EliteTK · 2025-01-25T01:12:07Z

I've made all the requested changes.

Let me know if the explicitly limited visibility (pub(super)) is excessive and you want it removed.

Let me know if I've gone too far in the new MMU module refactoring.

I've also tried to make indices and sizes all usize instead of the previous mishmash of u32 and usize.

I have a few ideas for how the MMU module could be better but I didn't want to get too carried away (or more accurately, I already got too carried away on another branch and then scrapped the idea).

I noticed a "bug" in the previous PSRAM code. To be fair I think actually it wouldn't be a bug but more just a confusing error message.

Don't hold back any nitpicks.

EliteTK · 2025-01-25T01:19:29Z

I thought I could get away with running lint on only esp-hal. Apparently not. Whoops.

Dominaezzz

This is looking really good, I'll try and give it a spin myself soon.

Dominaezzz · 2025-01-25T12:53:48Z

esp-hal/src/soc/esp32s3/psram.rs

+    /// Refer to
+    /// <https://docs.espressif.com/projects/esp-idf/en/stable/esp32s3/api-guides/external-ram.html#execute-in-place-xip-from-psram>
+    /// for more information.
+    pub execute_from_psram: bool,


Thinking about this some more, given there's more than one way to cut this XiP cake, especially once we start looking at static linking in PSRAM, I think this boolean should be separate from the PsramConfig.
I'm currently thinking it should go in esp_hal::Config, then init_psram can take a bool to do the right thing.

esp-hal/src/soc/esp32s3/mmu.rs

Dominaezzz · 2025-01-30T22:47:28Z

It'd be a good idea to add a HIL test for this.

I tried using this but my S3 hangs in esp_hal::init for some reason, haven't looked in it yet

yanshay · 2025-01-30T22:52:03Z

A question out of my total lack of knowledge, so forgive me if it's a dumb one. Because this feature involves mapping PSRAM over Flash, is it going to conflict/support in OTA firmware update where you need to do flashing while running and can potentially boot from two different flash addresses?

EliteTK · 2025-01-30T22:54:34Z

@Dominaezzz

Absolutely, I will get onto HIL tests as soon as I've gotten around to actually putting together a USB cable to connect to the magic JTAG USB port. I hope to do that this weekend.

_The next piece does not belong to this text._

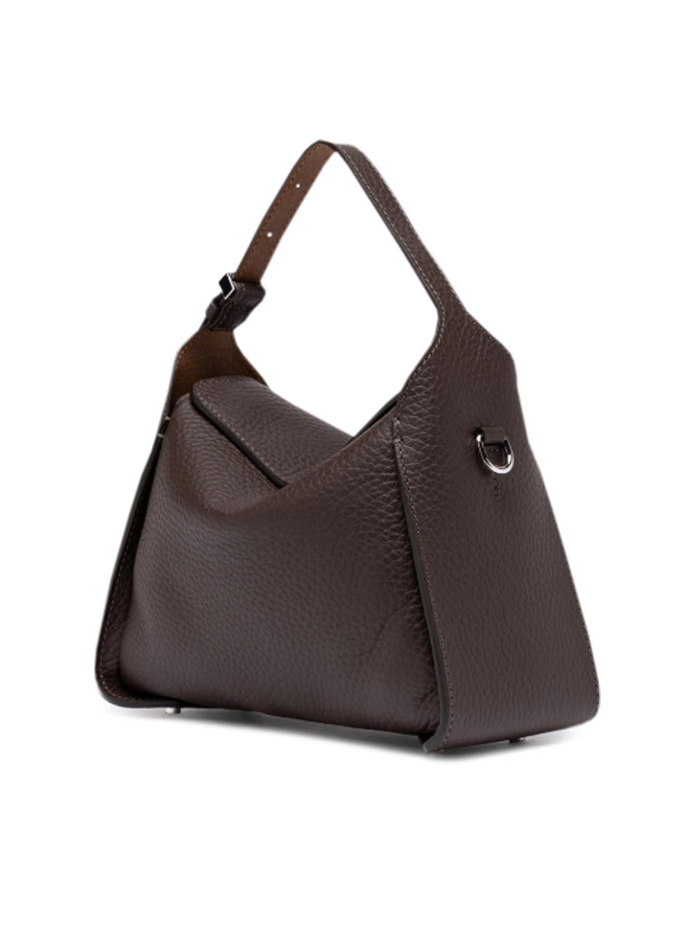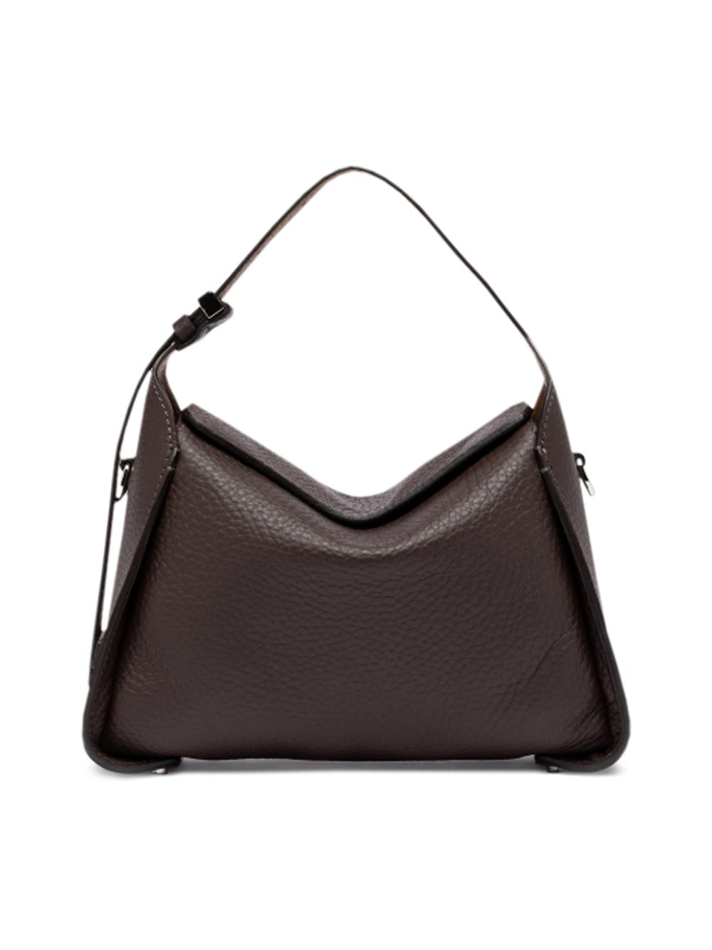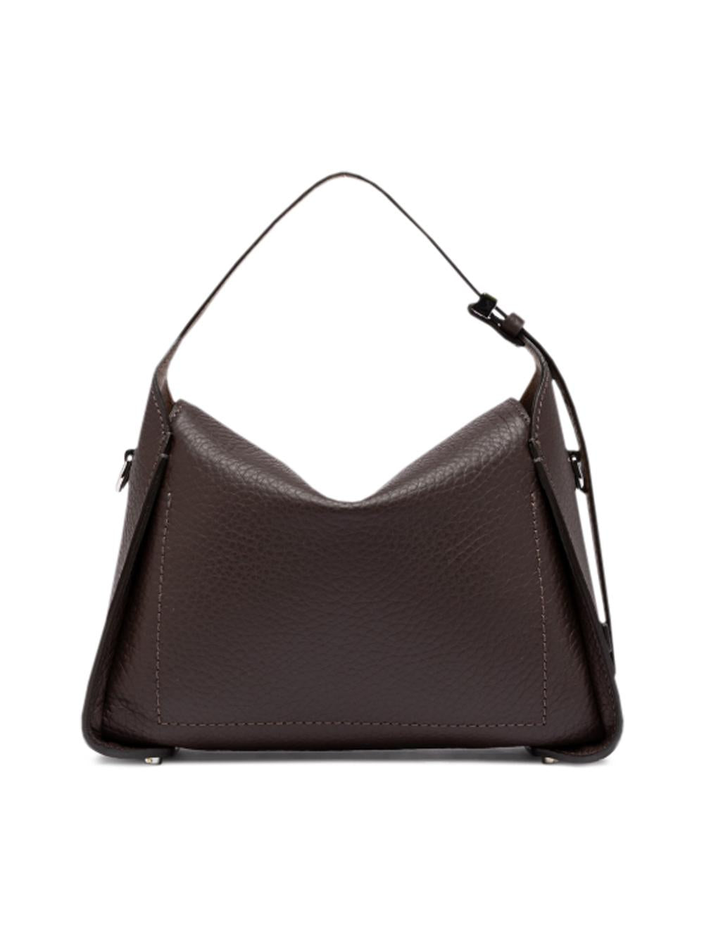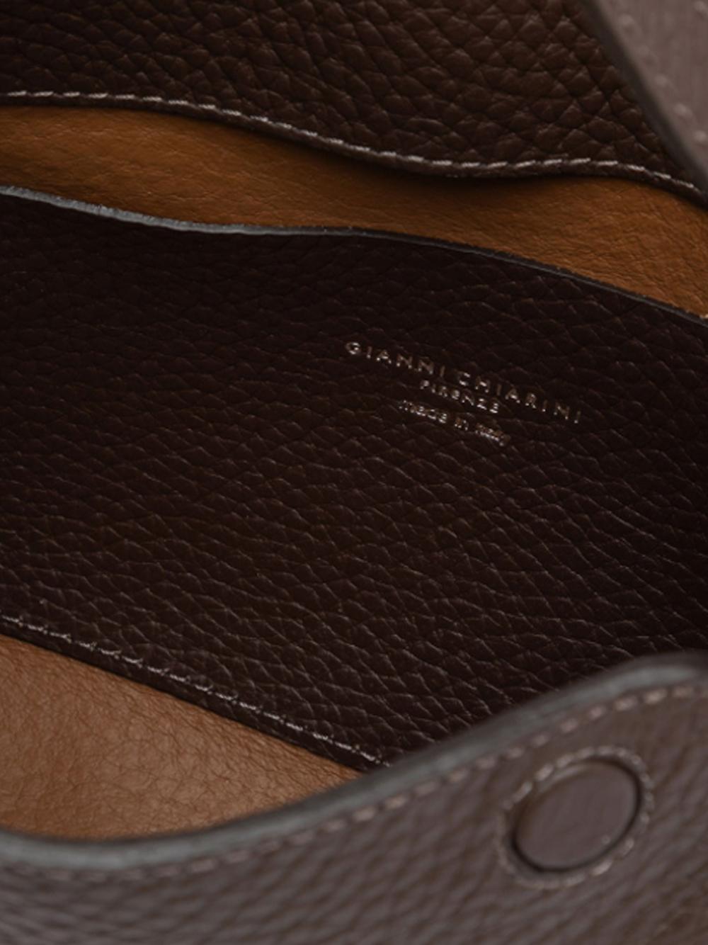 - Made of double grain maxi leather, it features a boxy structure and a practical flap closure with a magnet.
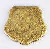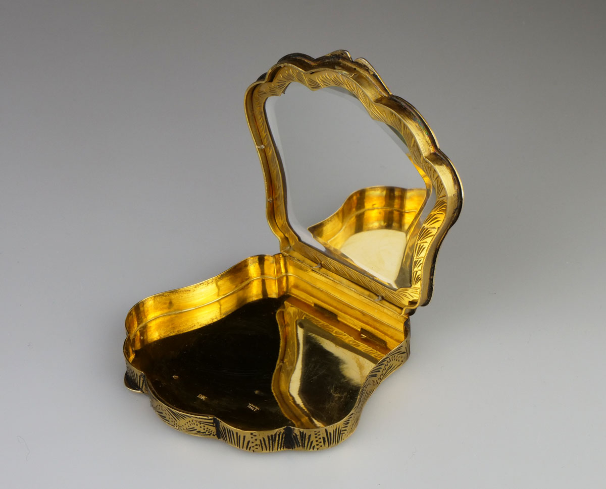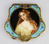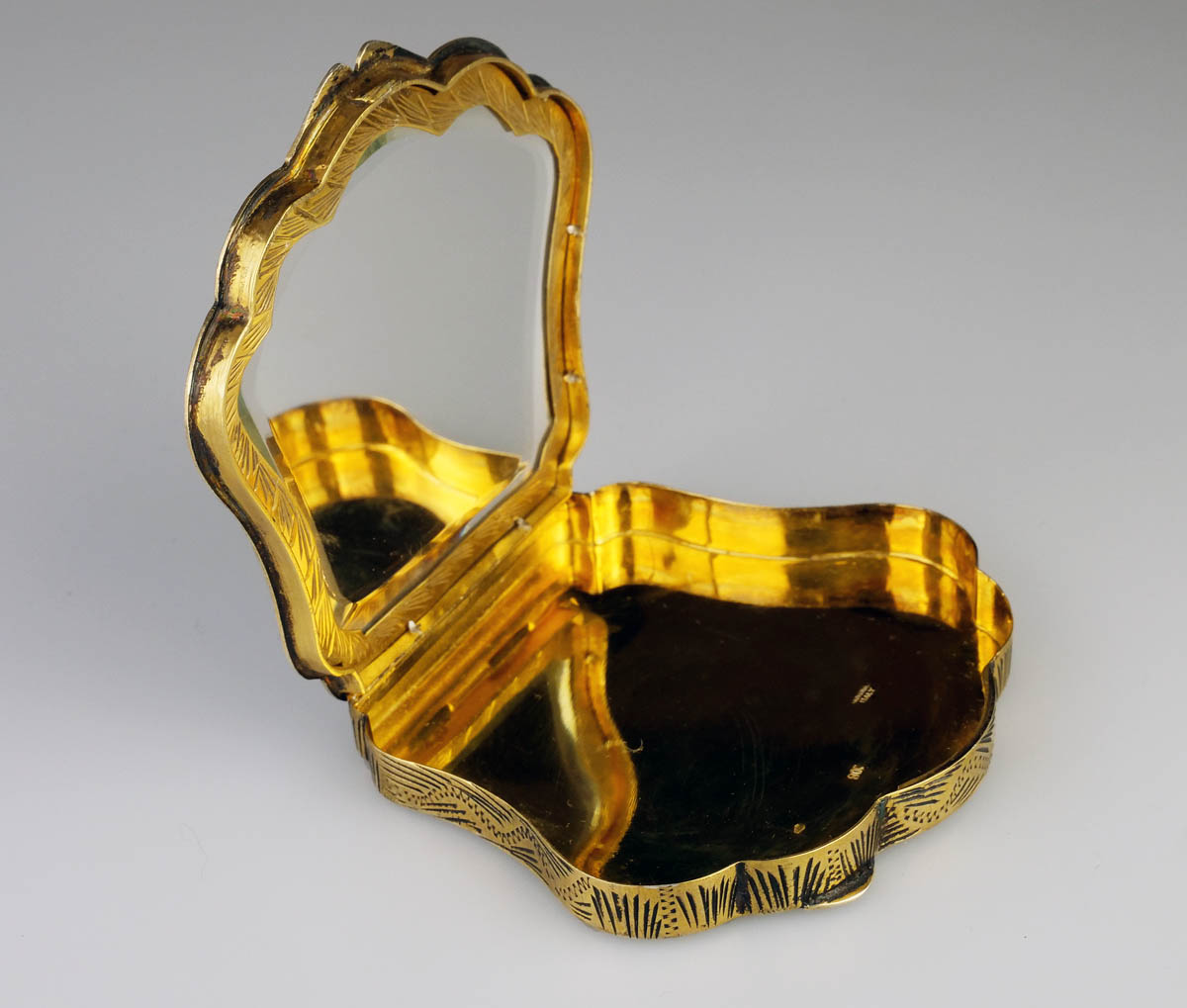 dekorativní pudřenka mušlového tvaru ze zlaceného stříbra, uvnitř zabrušované zrcátko, víčko zdobené emailovou malbou mladé ženy v historizujícím stylu, dno bohatě gravírované stylizovaných rostlinným motivem, Ag 92,67 g/800/1000, Itálie, kolem r. 1920; atest Puncovního úřadu, rozměry 8,5 x 7,5 x 1 cm; sběratelsky zajímavé

Dominaezzz · 2025-01-30T23:18:20Z

A question out of my total lack of knowledge, so forgive me if it's a dumb one. Because this feature involves mapping PSRAM over Flash, is it going to conflict/support in OTA firmware update where you need to do flashing while running and can potentially boot from two different flash addresses?

Take this with a grain of salt, but iirc writing to flash bypasses the mmu so this shouldn't impede that.
I'm not sure about the booting from multiple addresses.

ProfFan · 2025-02-16T19:42:58Z

Also #2027

yanshay · 2025-05-08T15:54:00Z

@EliteTK I tried this PR for speeding up DMA from PSRAM to RGB display as I know running from flash is an obstacle for PSRAM<->RGB DMA performance.

I didn't see any change on the display.

All I did is added the line below. Is it enough or should I do something in addition?

    let mut psram_config = PsramConfig::default();

    psram_config.execute_from_psram = true; // <-------- This is what I added

    let mut peripherals = esp_hal::init(
        esp_hal::Config::default()
            .with_cpu_clock(CpuClock::max())
            .with_psram(psram_config),
    );

EliteTK · 2025-05-12T10:45:33Z

@EliteTK I tried this PR for speeding up DMA from PSRAM to RGB display as I know running from flash is an obstacle for PSRAM<->RGB DMA performance.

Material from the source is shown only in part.